About this task: In the records below, find the line that contains "展会第三天还将举办两场特别的" and the line that contains "Bicicleta BH Vivace"; write out exactly those two lines and everything between them, without the pictures.
[Entries shown — start]
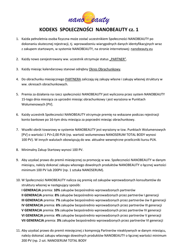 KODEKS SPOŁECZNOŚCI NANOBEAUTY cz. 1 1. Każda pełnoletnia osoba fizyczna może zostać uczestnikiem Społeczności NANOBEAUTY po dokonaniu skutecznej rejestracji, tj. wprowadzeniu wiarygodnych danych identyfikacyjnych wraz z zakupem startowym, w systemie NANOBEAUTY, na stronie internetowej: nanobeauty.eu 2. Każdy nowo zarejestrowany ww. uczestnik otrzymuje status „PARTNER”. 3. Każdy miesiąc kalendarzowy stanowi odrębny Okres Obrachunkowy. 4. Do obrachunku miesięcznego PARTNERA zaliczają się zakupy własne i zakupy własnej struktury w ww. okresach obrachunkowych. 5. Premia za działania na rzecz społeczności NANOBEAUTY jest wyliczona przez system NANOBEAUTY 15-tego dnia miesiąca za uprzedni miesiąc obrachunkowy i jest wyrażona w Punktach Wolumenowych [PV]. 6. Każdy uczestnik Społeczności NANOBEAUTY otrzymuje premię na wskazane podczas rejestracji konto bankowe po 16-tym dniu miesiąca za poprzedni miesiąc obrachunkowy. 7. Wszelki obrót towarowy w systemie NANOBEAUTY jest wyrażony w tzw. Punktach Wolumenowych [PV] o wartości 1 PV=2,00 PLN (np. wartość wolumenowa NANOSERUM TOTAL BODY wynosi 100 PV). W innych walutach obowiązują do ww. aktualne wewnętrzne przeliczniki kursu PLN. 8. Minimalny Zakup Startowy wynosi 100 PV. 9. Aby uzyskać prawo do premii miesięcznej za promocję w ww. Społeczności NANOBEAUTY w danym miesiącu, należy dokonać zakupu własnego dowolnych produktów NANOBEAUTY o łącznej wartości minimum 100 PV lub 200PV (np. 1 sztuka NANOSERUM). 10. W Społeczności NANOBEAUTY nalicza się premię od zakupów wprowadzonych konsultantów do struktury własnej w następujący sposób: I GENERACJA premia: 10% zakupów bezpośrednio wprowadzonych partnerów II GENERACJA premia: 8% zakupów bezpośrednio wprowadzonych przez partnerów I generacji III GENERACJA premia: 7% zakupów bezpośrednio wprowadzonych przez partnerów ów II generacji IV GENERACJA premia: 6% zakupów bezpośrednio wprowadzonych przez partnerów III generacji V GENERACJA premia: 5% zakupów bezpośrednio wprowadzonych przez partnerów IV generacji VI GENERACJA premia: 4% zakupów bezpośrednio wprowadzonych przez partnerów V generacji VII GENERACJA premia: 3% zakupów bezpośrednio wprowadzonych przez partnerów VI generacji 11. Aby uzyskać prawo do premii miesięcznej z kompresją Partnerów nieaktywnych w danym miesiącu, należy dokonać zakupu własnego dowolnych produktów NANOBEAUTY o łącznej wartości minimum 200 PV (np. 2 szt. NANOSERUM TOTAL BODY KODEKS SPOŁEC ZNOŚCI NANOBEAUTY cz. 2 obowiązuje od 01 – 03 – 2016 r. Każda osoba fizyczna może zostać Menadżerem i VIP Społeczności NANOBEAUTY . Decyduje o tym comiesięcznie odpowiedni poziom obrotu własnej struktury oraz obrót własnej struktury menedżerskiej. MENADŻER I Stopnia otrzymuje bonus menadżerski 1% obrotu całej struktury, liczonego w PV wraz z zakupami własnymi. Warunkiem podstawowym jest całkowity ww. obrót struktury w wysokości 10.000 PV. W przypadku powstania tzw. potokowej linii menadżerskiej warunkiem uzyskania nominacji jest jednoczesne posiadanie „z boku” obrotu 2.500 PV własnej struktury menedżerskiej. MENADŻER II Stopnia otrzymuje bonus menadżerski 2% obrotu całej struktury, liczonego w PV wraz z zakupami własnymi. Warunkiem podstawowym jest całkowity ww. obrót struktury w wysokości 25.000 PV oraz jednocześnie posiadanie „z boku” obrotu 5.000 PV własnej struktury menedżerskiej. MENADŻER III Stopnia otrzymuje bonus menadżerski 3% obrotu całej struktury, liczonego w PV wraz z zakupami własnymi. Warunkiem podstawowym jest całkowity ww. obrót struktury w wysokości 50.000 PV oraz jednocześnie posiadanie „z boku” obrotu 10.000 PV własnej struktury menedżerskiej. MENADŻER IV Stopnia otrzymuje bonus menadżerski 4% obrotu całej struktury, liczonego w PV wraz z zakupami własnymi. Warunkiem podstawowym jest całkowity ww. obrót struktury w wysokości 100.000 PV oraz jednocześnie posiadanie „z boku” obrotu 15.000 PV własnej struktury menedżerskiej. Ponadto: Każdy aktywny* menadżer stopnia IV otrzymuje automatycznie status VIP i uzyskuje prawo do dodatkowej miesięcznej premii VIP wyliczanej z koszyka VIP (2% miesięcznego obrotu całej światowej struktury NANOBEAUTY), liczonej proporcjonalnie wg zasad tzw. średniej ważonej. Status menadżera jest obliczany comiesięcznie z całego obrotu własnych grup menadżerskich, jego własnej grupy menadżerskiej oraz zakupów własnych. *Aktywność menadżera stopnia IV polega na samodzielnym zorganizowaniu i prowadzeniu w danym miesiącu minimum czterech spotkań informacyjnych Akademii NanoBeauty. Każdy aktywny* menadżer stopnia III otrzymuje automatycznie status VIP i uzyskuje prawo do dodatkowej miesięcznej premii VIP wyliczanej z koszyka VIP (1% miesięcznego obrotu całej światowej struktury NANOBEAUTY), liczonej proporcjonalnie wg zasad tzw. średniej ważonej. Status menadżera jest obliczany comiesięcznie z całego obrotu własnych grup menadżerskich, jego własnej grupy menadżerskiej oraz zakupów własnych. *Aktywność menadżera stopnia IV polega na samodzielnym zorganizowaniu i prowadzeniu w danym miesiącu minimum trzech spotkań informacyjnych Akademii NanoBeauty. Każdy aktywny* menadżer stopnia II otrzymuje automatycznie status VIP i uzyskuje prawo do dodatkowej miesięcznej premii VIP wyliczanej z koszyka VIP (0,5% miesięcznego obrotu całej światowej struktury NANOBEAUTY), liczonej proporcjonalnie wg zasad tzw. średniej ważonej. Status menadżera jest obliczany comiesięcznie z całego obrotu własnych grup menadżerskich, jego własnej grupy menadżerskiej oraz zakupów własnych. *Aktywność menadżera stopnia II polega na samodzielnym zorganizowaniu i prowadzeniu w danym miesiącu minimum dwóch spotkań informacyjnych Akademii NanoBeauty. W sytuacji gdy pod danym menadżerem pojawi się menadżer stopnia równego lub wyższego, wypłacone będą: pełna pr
[Entries shown — finish]
[Entries shown — start]
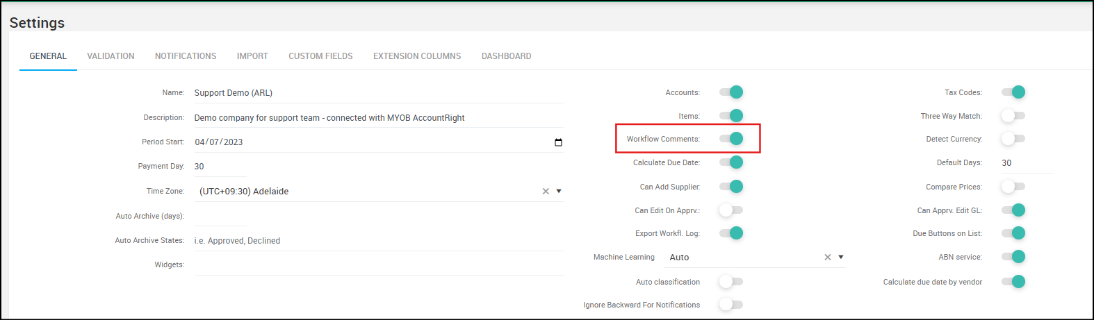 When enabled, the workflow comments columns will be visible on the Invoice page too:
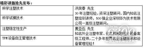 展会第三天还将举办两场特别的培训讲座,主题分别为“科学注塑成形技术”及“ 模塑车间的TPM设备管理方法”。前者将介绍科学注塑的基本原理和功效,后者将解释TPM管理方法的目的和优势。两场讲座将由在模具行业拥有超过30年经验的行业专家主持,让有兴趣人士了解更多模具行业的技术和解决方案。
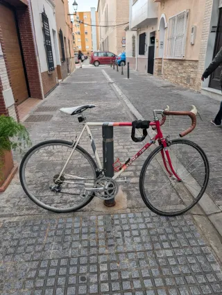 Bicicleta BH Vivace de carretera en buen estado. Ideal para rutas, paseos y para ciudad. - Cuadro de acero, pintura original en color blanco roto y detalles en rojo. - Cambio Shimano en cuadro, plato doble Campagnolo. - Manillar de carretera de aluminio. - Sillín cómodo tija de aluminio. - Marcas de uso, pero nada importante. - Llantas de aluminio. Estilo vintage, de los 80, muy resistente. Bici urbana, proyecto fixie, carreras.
[Entries shown — finish]
[Entries shown — start]
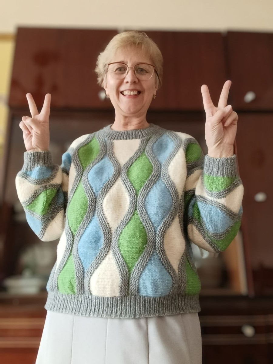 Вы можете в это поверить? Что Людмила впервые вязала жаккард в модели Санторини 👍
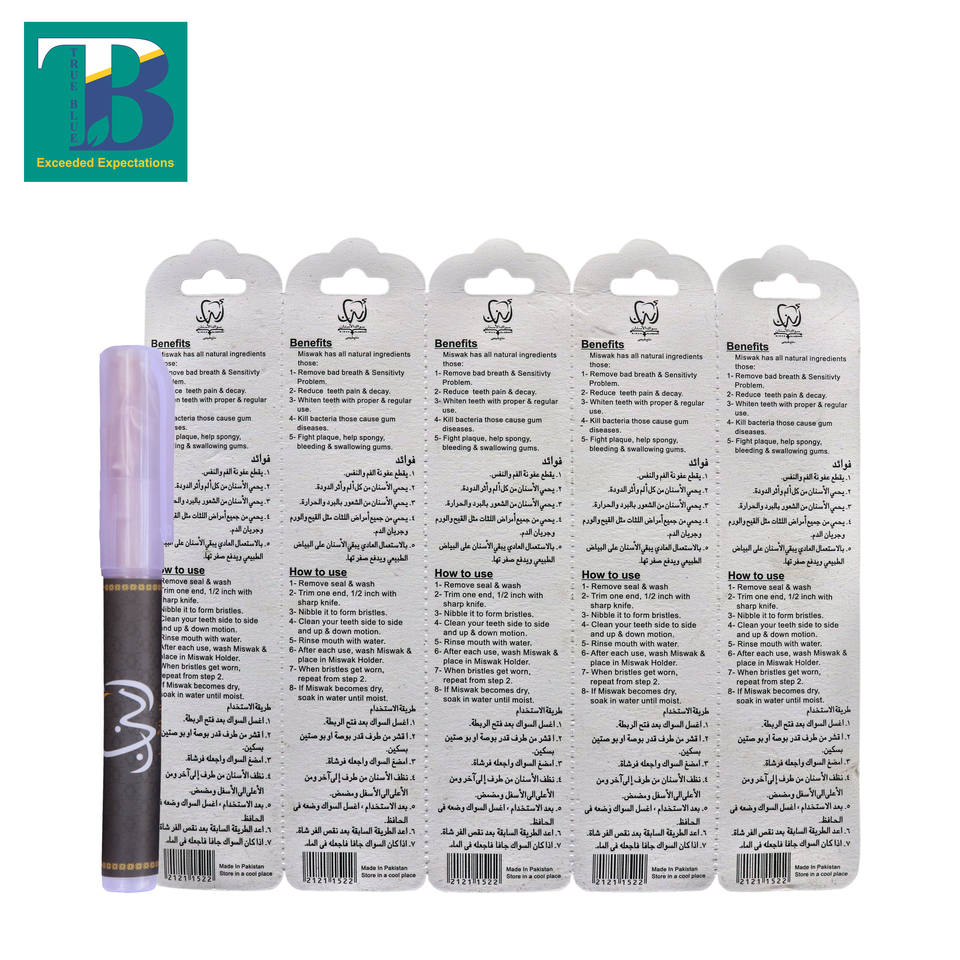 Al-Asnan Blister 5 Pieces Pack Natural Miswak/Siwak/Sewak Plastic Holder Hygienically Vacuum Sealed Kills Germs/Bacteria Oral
[Entries shown — finish]
Result of this exercise:
 展会第三天还将举办两场特别的培训讲座,主题分别为“科学注塑成形技术”及“ 模塑车间的TPM设备管理方法”。前者将介绍科学注塑的基本原理和功效,后者将解释TPM管理方法的目的和优势。两场讲座将由在模具行业拥有超过30年经验的行业专家主持,让有兴趣人士了解更多模具行业的技术和解决方案。
 Bicicleta BH Vivace de carretera en buen estado. Ideal para rutas, paseos y para ciudad. - Cuadro de acero, pintura original en color blanco roto y detalles en rojo. - Cambio Shimano en cuadro, plato doble Campagnolo. - Manillar de carretera de aluminio. - Sillín cómodo tija de aluminio. - Marcas de uso, pero nada importante. - Llantas de aluminio. Estilo vintage, de los 80, muy resistente. Bici urbana, proyecto fixie, carreras.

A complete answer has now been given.